Minos Matsas

Minos Matsas

Born

September 6, 1968 (56 years old)

Known For

Sound

Place of Birth

Athens, Greece

Minos Matsas (Athens, 6 September 1968) is a Greek composer, lyricist and producer. He is the grandson of the founder of the record company Minos EMI. One of his grandmothers was from Constantinople, the other from Thessaloniki and his grandfather, Minos, from Ioannina. He was born into a musical family with a tradition of recording alive and with a father who was at the moment of his great creation. His father, Makis, had him in the studio with him from the age of five. Minos Matsas expressed a desire to learn classical guitar from an early age and thus very soon became the center of his young singing group. He received a degree from the Athens Conservatory and the Juilliard School. When he began writing his first compositions, he did not want anyone to know about it. However, he developed into a self-sufficient composer, one of the most important of his generation.

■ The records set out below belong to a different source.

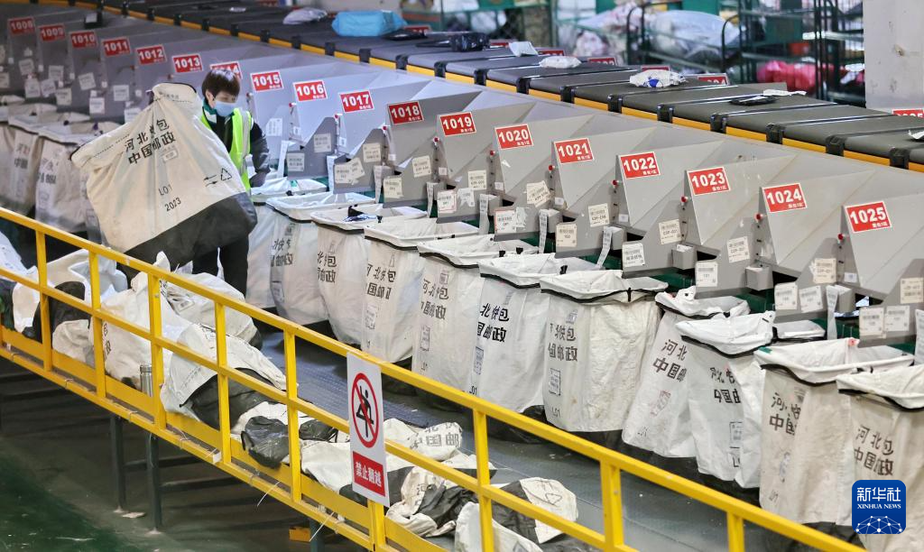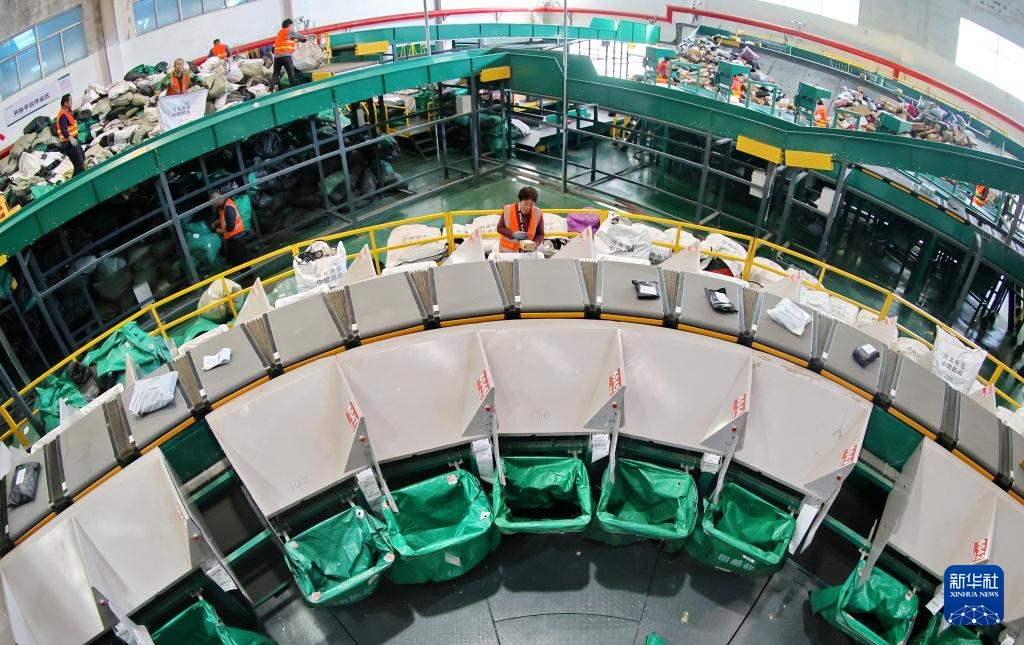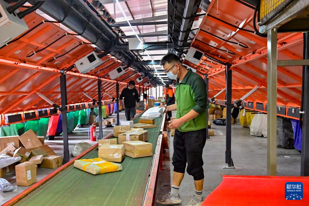 11月12日,位于河北省秦皇岛市海港区东港镇的中国邮政集团有限公司秦皇岛市分公司网路运营中心内,工作人员在分拣快递。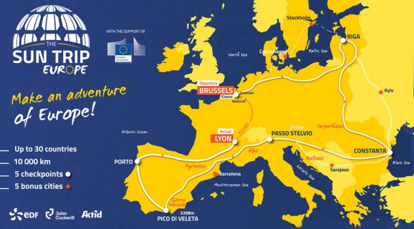 Участники Sun Trip в этом году проедут по петле длиной 10 000 км от Брюсселя до Лиона через Ригу, Констанцу, Сьерра-Неваду и Порту.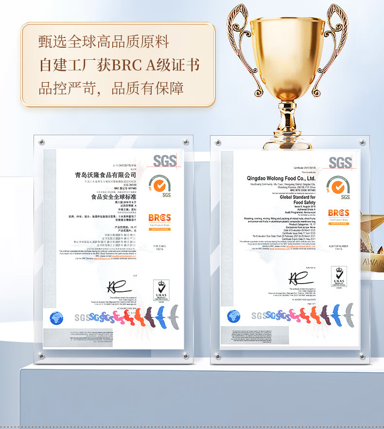 沃隆 每日坚果炒货SS混合坚果果仁果干核桃扁桃仁腰果零食大礼包 【5种纯坚果仁】500g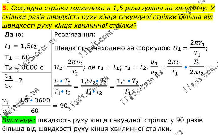 Секундна стрілка годинника в 1,5 раза довша за хвилинну. У скільки разів швидкість руху кінця секундної стрілки більша від швидкості руху кінця хвилинної стрілки? Дано: ι1 = 1,5ι2 T1 = 60 с Т2 = 3600 с Розв’язання: Швидкість знаходимо за формулою υ1 = (2πr_1)/T_1 ; υ2=(2πr_2)/T_2 ; де r1 = ι1; r2 = ι2. υ_1/υ_2 = (2πι_1)/T_1 • T_2/(2πι_2 ) = (ι_1• T_2)/(T_1• ι_2 ) = (〖1,5ι〗_2• T_2)/(T_1• ι_2 ) = (1,5 • T_2)/T_1 ; υ_1/υ_2 –? υ_1/υ_2 = (1,5 • 3600)/60 = 90. Відповідь: швидкість руху кінця секундної стрілки у 90 разів більша від швидкості руху кінця хвилинної стрілки.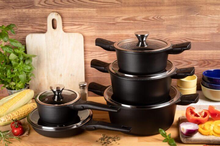 3 кастрюль, + Ковш, + Сковорода |
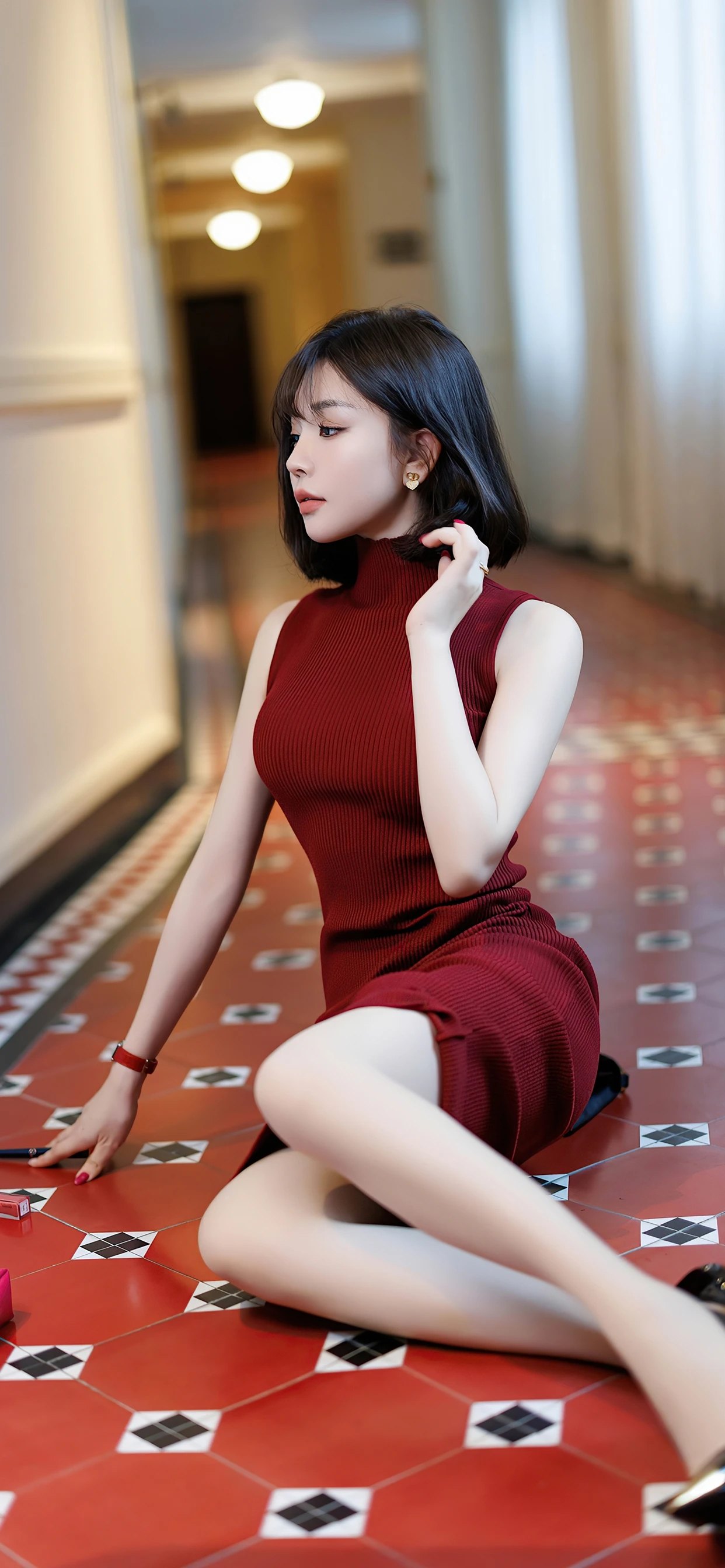 红裙在复古走廊间摇曳,短发利落,手挽黑包,或坐或立,每一个角度,皆是风情万种 。
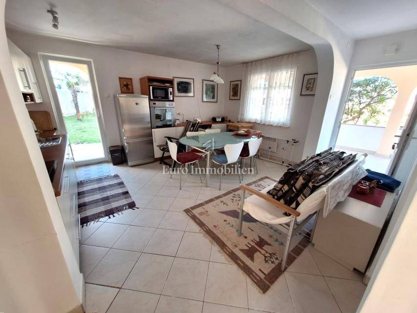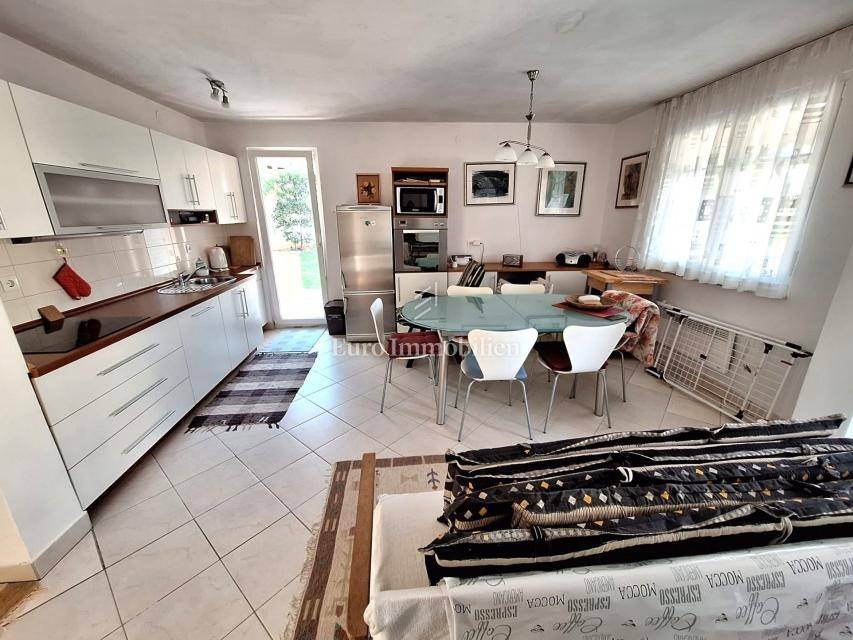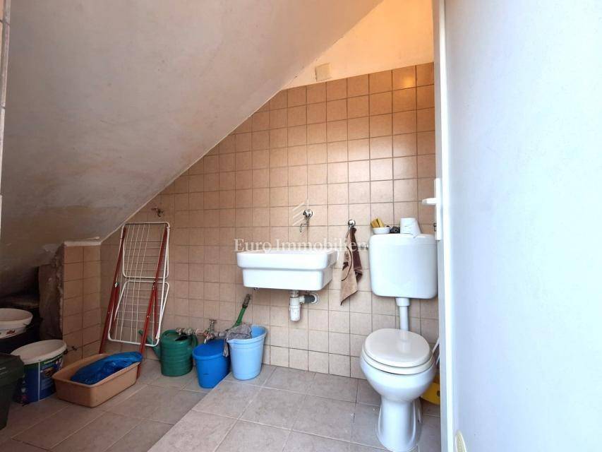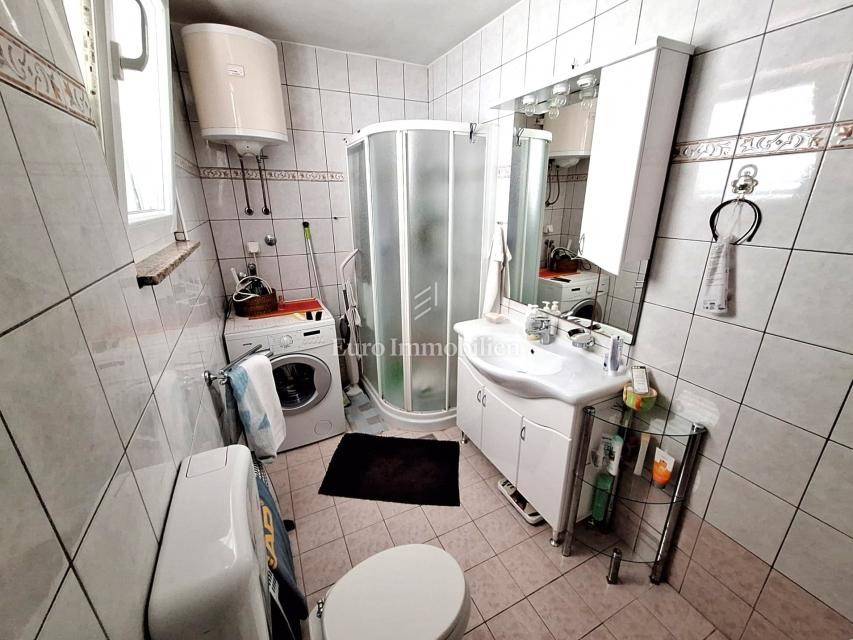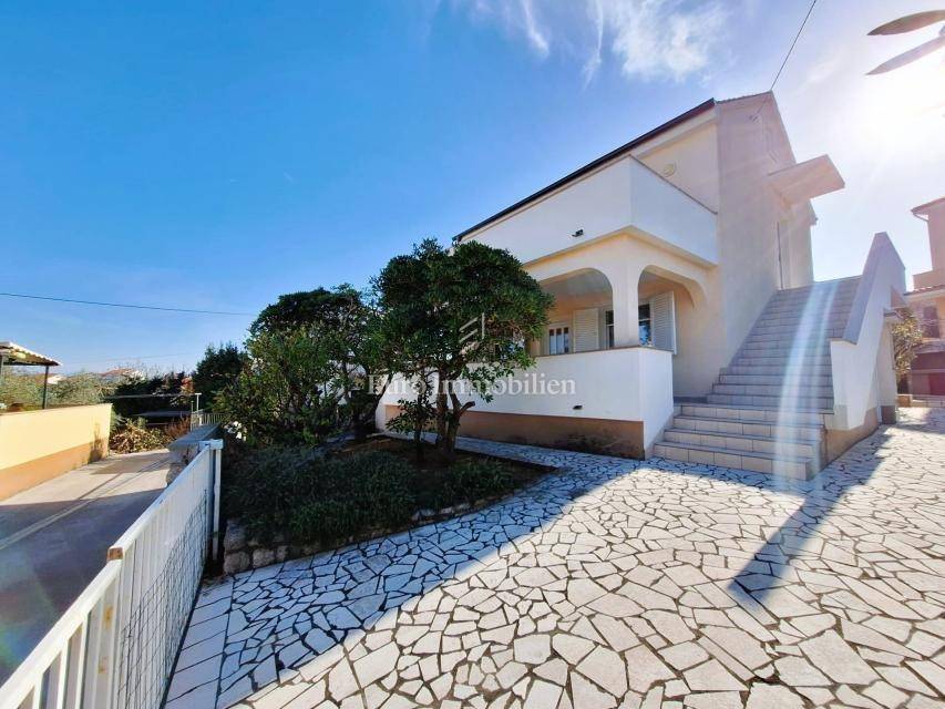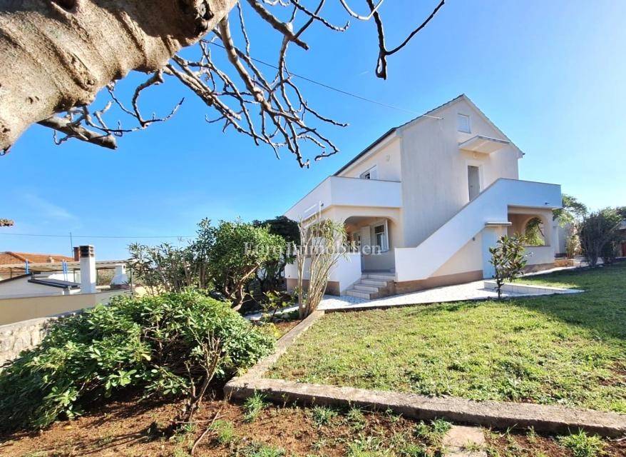 Kuća na prodaju površine cca 180 m2 s 450 m2 pripadajuće okućnice. Kuća je samostojeća i sastoji se od dvije etaže - prizemlja i kata. Na svakoj etaži je po jedan stan s dvije spavaće sobe, dnevnim boravkom, kuhinjom i blagovaonom, kupaonom, hodnikom i prostranim terasama. Kuća je namještena i ima predivan pogled na more.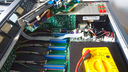 f/inspecter les tranche une à une pour bien verifier que les differents cavaliers ou detrompeurs sont bien en place, en 1 les cavalier J3 (dynamique de tranche et insert) et en 2 tension principale de l'alimention fantome par defaut la secondaire est toujours 12V en T,
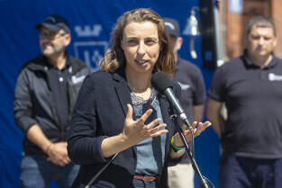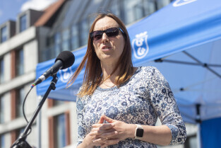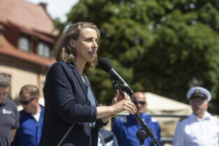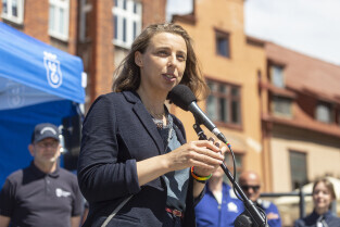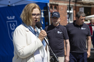 Gdańsk. Na nabrzeżu w pobliżu Targu Rybnego odbyło się uroczyste powitanie powracającego z rejsu statku badawczego Uniwersytetu Gdańskiego "Oceanograf". Nz. Przy mikrofonie Zastępczyni Prezydenta ds. rozwoju społecznego i równego traktowania Monika Chabior.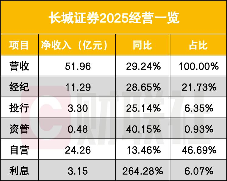 自营业务是长城证券第一大收入来源,公司2025年自营收入的营收占比为46.69%,该收入为24.26亿元,同比增13.46%;
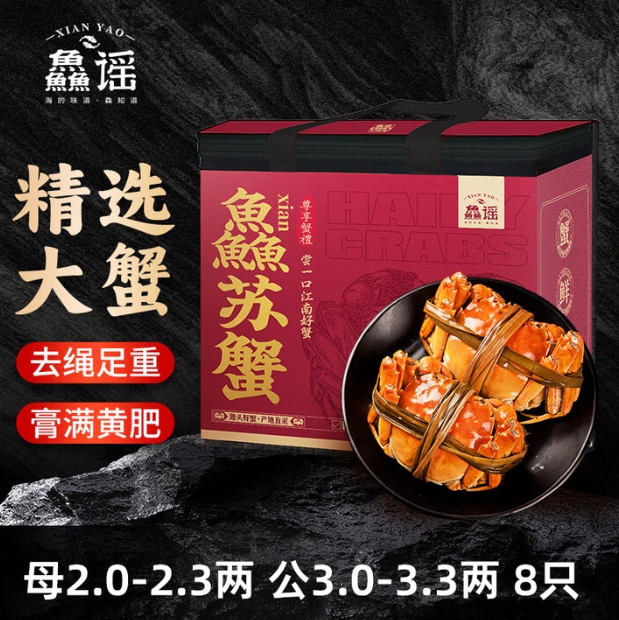 106元!自营鱻谣 大闸蟹 得公3.3两母2.3两 4对8只
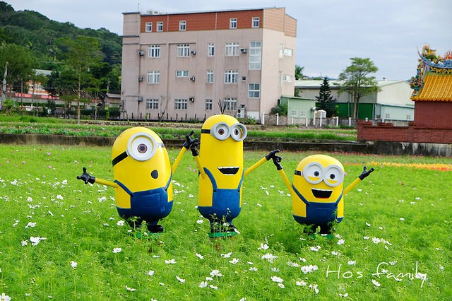 大片的波斯花海美麗耀眼,展區裡有各式可愛彩繪圖案,還有小小兵、鋼鐵人、變形金鋼、牛奶盒、行李箱、任意門...等裝置藝術,花田旁還有逗趣的海綿寶寶小貨車,很適合帶小朋友來走走拍照。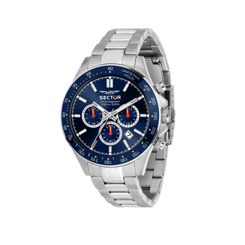 Descrizione: Orologio cronografo. Vetro minerale. Cassa e bracciale in acciaio o cinturino in silicone. Lunetta in alluminio Datario. Fondello a vite.

In 1994, Minos Matsas composed his first cycle of songs entitled One Thousand and One Nights Again, with lyrics by Akos Daskalopoulos. In 1995, four of his compositions were included in the multi-album album by George Dalaras, Welcome to Them. From 2000 to 2011, he lived in the United States of America. As a composer, he has dozens of films to his credit, theatrical performances, and television programs. He has collaborated, among others, with director Costas Gavras on the film The Parthenon, as well as on the performances of Aristophanes' Birds and Irene, which were staged at the ancient theater of Epidaurus. He has also won awards at the Thessaloniki Film Festival (for Eduart and Slaves in Their Chains). He also wrote the music for the film Undisputed III: Redemption (2010). In 2016, he composed the original text of Woyzeck by Georg Büchner. In 2017, the soundtrack for Yannis Sakaridis' second feature film Amerika Square, based on the multi-award-winning novella by Yannis Tsirpas, Victoria Does Not Exist.